*EXERCISE GOAL*: Below are records with pictures. Transcribe exactly, and only, the lines from the line with "Flugzeuge Zivil Cathay" to the line with "进入[个人中心],点击[我的", both ends included, but not the pictures.

Records contained in a dataset
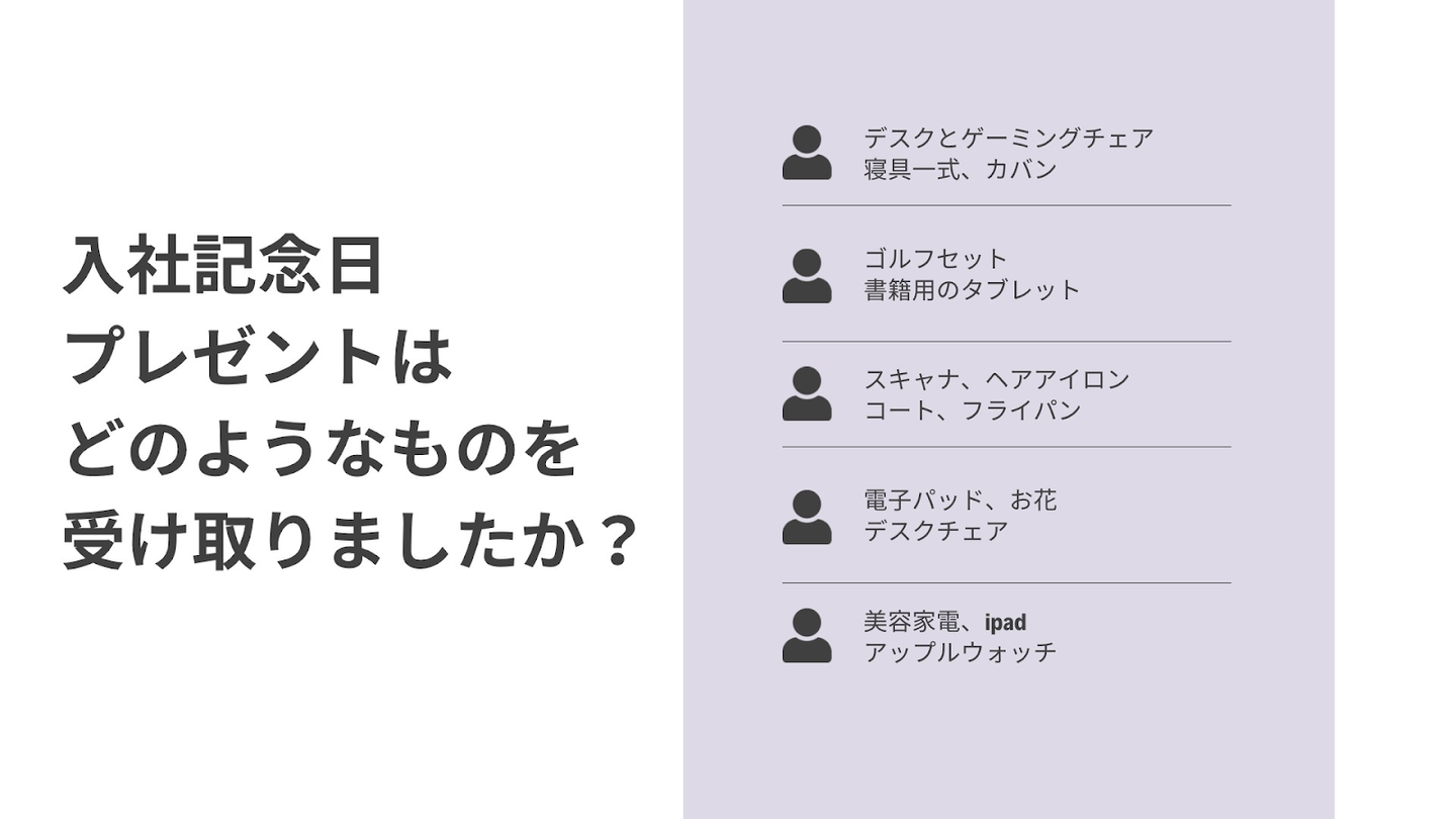 社内で結婚している割合が少ないので結婚祝い金を受け取っている社員は少ないですね~!
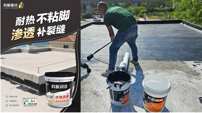 6、科順潤(rùn)涂R321水性瀝青防水涂料:外露不粘腳,滲透補(bǔ)裂縫
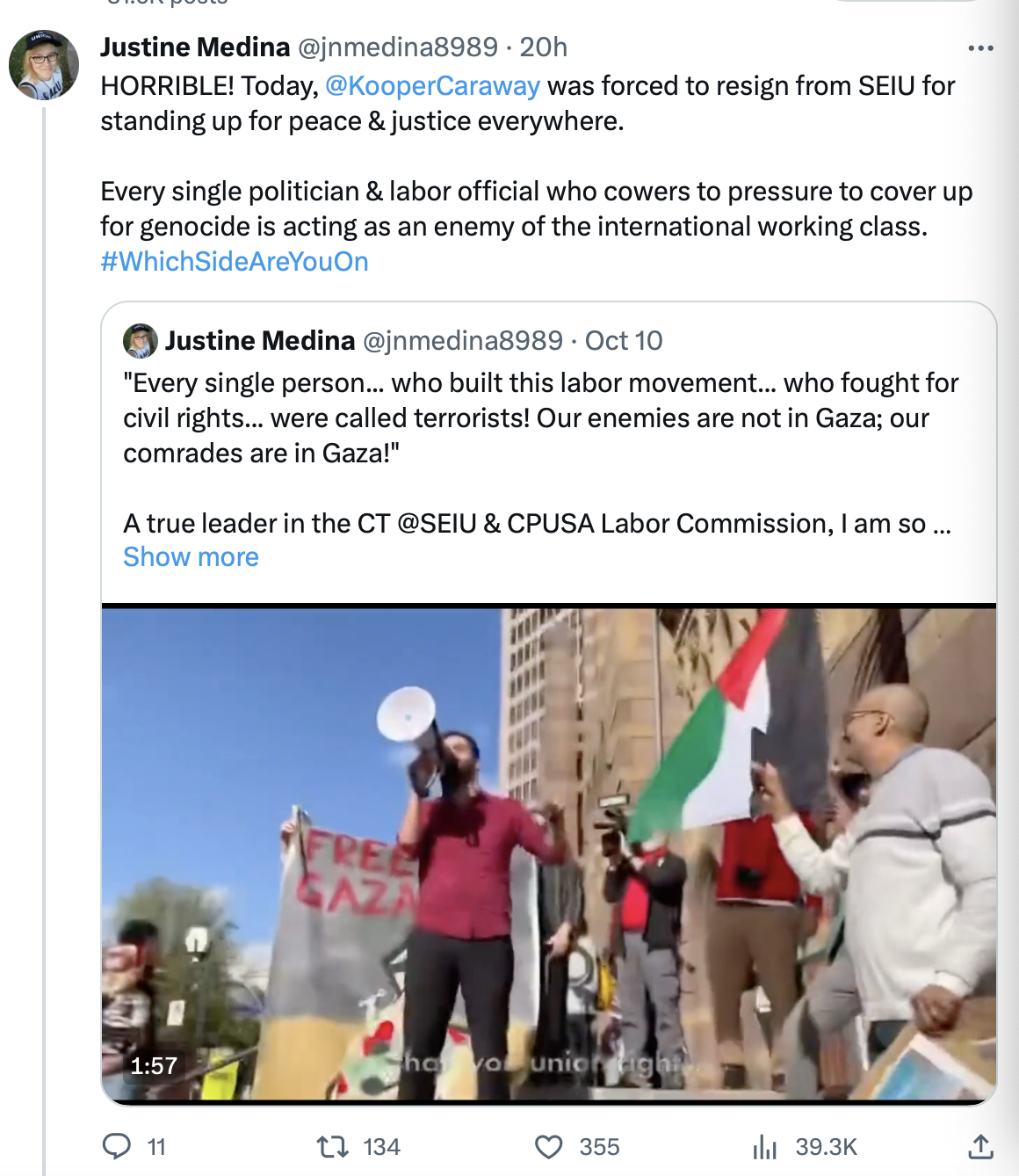 Following Caraway’s resignation Medina took to social media calling the situation, “horrible!” and that “every single politician and labor official who cowers to pressure to cover up for genocide is acting as an enemy of the international working class. #WhichSideAreYouOn.”
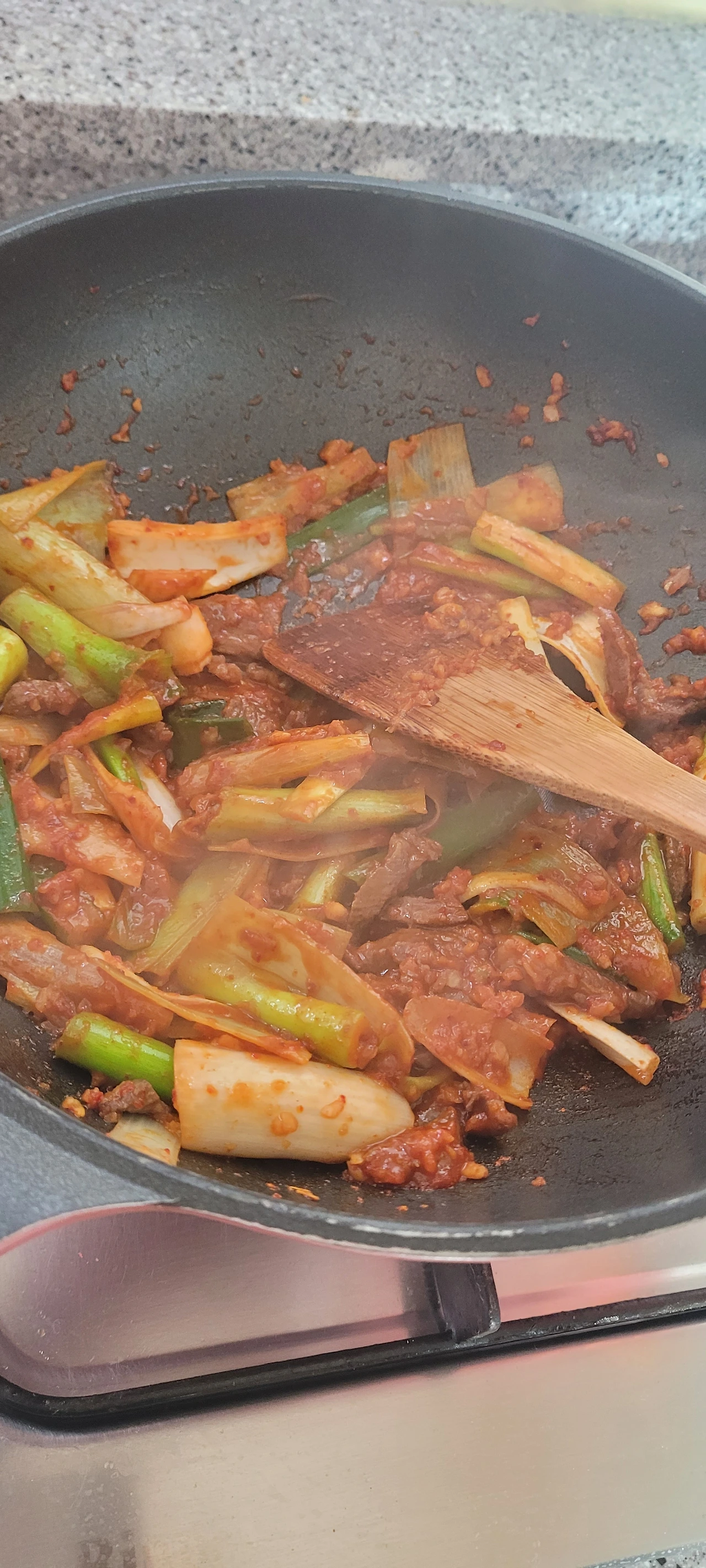 1. 웍에 참기름 2T를 두른 뒤에 소고기산적과 대파 크게 2대 썬 것을 넣고 볶다가 고춧가루 1T와 고추장 1T를 넣고 볶아줍니다.
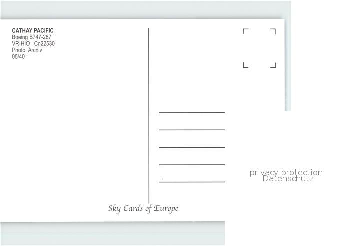 Flugzeuge Zivil Cathay Pacific Boeing 747-267 VR-HIO Cn 22530 postalisch nicht gelaufen Erhaltung siehe scans
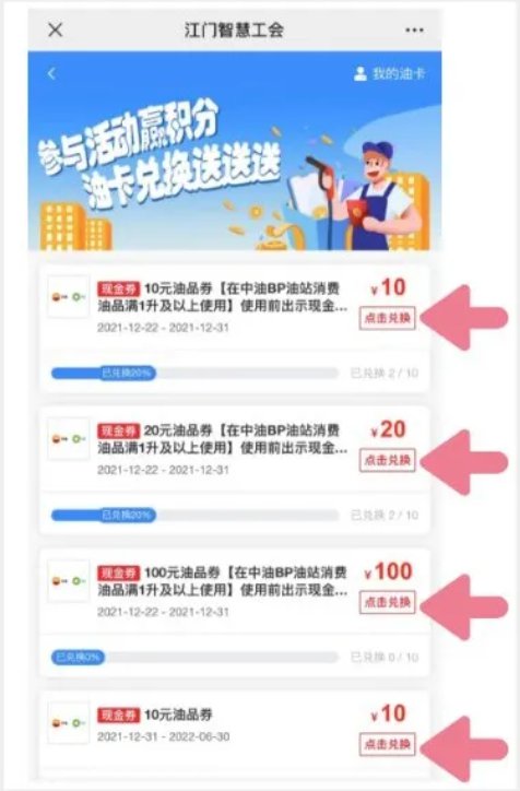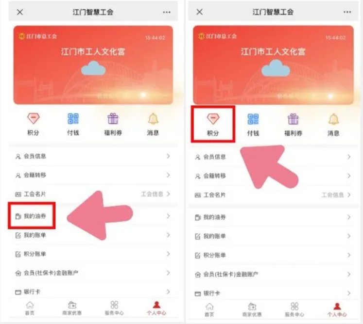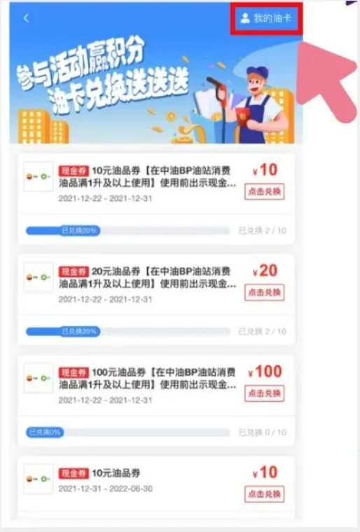 进入[个人中心],点击[我的油券],进入页面进行兑换。或进入[个人中心],点击[积分],进入页面[油卡兑换]后进行兑换。
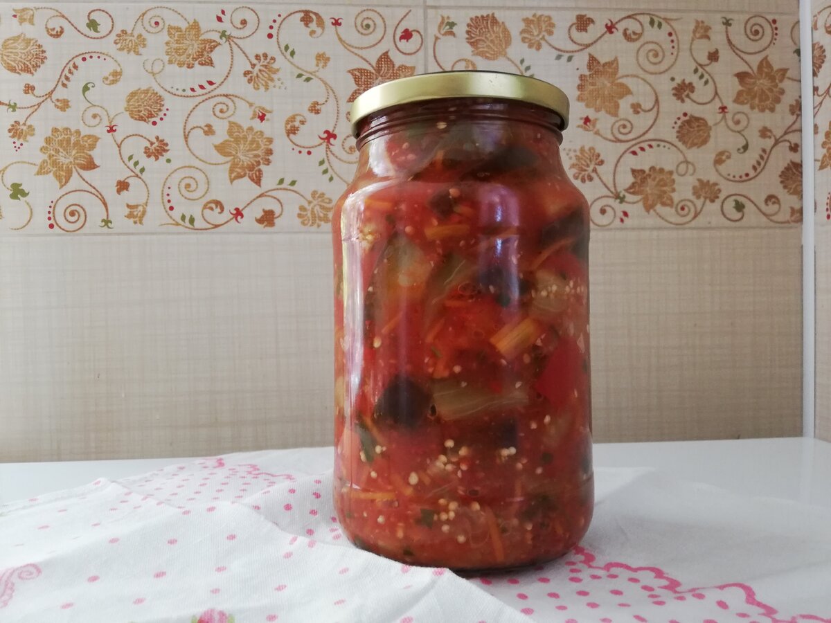 Лето катится к закату. Постараемся сохранить его в банках. Предлагаю приготовить салат из баклажан Бакат Для приготовления нам понадобится: Баклажаны 2кг Помидоры 2кг Слалкий перец 1кг Морковь 0,5кг Петрушка 1 небольшой пучок Горький перец 1шт Чеснок 1-2 головки Сахар 160гр Соль 60гр Растительное масло 1стакан Уксус 9% 130мл Баклажаны режем брусочками, замачиваем в подсоленной воде. Промываем. Сладкий перец режем крупными квадратиками Морковь трём на крупной терке Помидоры, острый перец, чеснок измельчаем мясорубкой или блендером. Петрушку мелко нарезать. Перемолотые помидоры доводим до кипения, добавляем соль, сахар, уксус и масло. Даём закипеть. Добавляем овощи, накрываем крышкой и варим на среднем огне 35минут. Добавляем петрушку и оставляем кипеть ещё 5 минут. Пока наши овощи варились мы подготовили банки и простеризовали их. Из данного количества овощей получается примерно 5 литров салата. Разливаем салат по баночкам и даём остыть. Приятного аппетита!
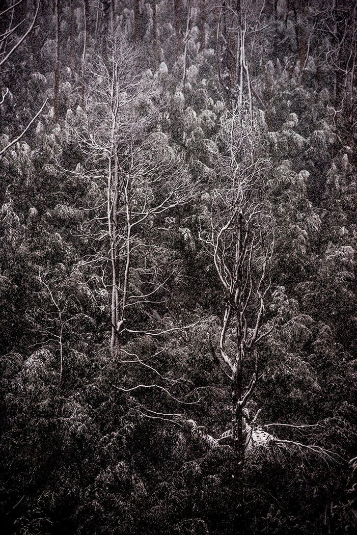 Close bunch of dead trunks, Mount Buffalo, VIC.
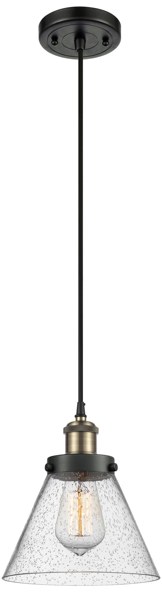 Ballston Urban Cone 8" LED Mini Pendant - Black Antique Brass - Seedy
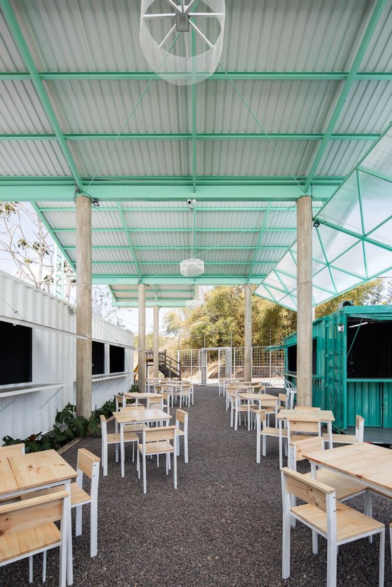 A key strategy in the project’s development was geometric abstraction, where the canopy form was explored through iterative exercises, enabling both aesthetic refinement and technical resolution. The architects utilized the building section as a central tool to organize spatial flow, structural logic, and functional adaptability. This sectional approach ensures that the previously acquired modular containers integrate seamlessly, maintaining flexibility for future modifications and expansions.
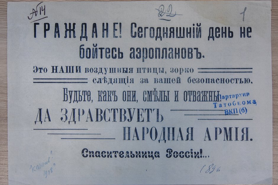 В выставочном зале Государственного комитета РТ по архивному делу открылась выставка, посвященная Гражданской войне. В экспозиции посетителям выставки представлены приказы, письма, краткие очерки, листовки противоборствующих сторон, а также фотодокументы и воспоминания участников событий августа – сентября 1918 года.
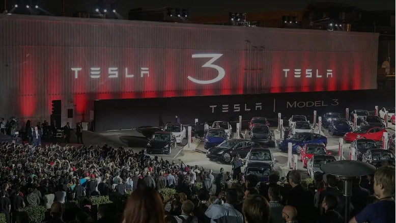 Model 3が世界デビューした2016年、全世界のテスラストアの前には予約を待つ行列ができ、先行予約数は1日を経たずして11万5,000件を突破しました。そして、シンプルなデザイン、パワフルな加速性能、長い航続距離や、今までにないテクノロジーにより、Model 3はわずか4年間で世界初の累計販売台数100万台を超える電気自動車となりました。

*EXERCISE SOLUTION*:
 Flugzeuge Zivil Cathay Pacific Boeing 747-267 VR-HIO Cn 22530 postalisch nicht gelaufen Erhaltung siehe scans
 进入[个人中心],点击[我的油券],进入页面进行兑换。或进入[个人中心],点击[积分],进入页面[油卡兑换]后进行兑换。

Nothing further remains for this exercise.